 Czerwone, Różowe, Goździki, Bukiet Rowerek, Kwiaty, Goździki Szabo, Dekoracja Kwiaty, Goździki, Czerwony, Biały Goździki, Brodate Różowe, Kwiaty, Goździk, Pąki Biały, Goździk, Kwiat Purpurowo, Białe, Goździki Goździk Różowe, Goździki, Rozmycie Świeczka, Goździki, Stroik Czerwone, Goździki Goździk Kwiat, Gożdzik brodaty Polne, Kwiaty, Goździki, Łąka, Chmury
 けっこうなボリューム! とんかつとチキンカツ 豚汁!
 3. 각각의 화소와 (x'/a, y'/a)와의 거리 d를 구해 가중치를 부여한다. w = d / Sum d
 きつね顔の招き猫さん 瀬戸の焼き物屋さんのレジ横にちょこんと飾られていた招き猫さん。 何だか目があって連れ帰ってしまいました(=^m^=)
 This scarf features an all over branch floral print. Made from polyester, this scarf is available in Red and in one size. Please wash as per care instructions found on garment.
○ ○ ○ ○ ○ ○ ○
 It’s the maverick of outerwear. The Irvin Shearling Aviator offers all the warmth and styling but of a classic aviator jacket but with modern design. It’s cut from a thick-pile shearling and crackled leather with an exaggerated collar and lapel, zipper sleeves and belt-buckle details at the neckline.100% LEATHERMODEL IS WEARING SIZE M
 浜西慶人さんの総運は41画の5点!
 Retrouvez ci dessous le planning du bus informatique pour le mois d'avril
○ ○ ○ ○ ○ ○ ○
_Work item_
Everything above from the line containing "けっこうなボリューム! とんかつとチキンカツ 豚汁!" down to the line containing "This scarf features" is to be transcribed exactly, with both of those lines included and nothing else added.

_Your solution_
 けっこうなボリューム! とんかつとチキンカツ 豚汁!
 3. 각각의 화소와 (x'/a, y'/a)와의 거리 d를 구해 가중치를 부여한다. w = d / Sum d
 きつね顔の招き猫さん 瀬戸の焼き物屋さんのレジ横にちょこんと飾られていた招き猫さん。 何だか目があって連れ帰ってしまいました(=^m^=)
 This scarf features an all over branch floral print. Made from polyester, this scarf is available in Red and in one size. Please wash as per care instructions found on garment.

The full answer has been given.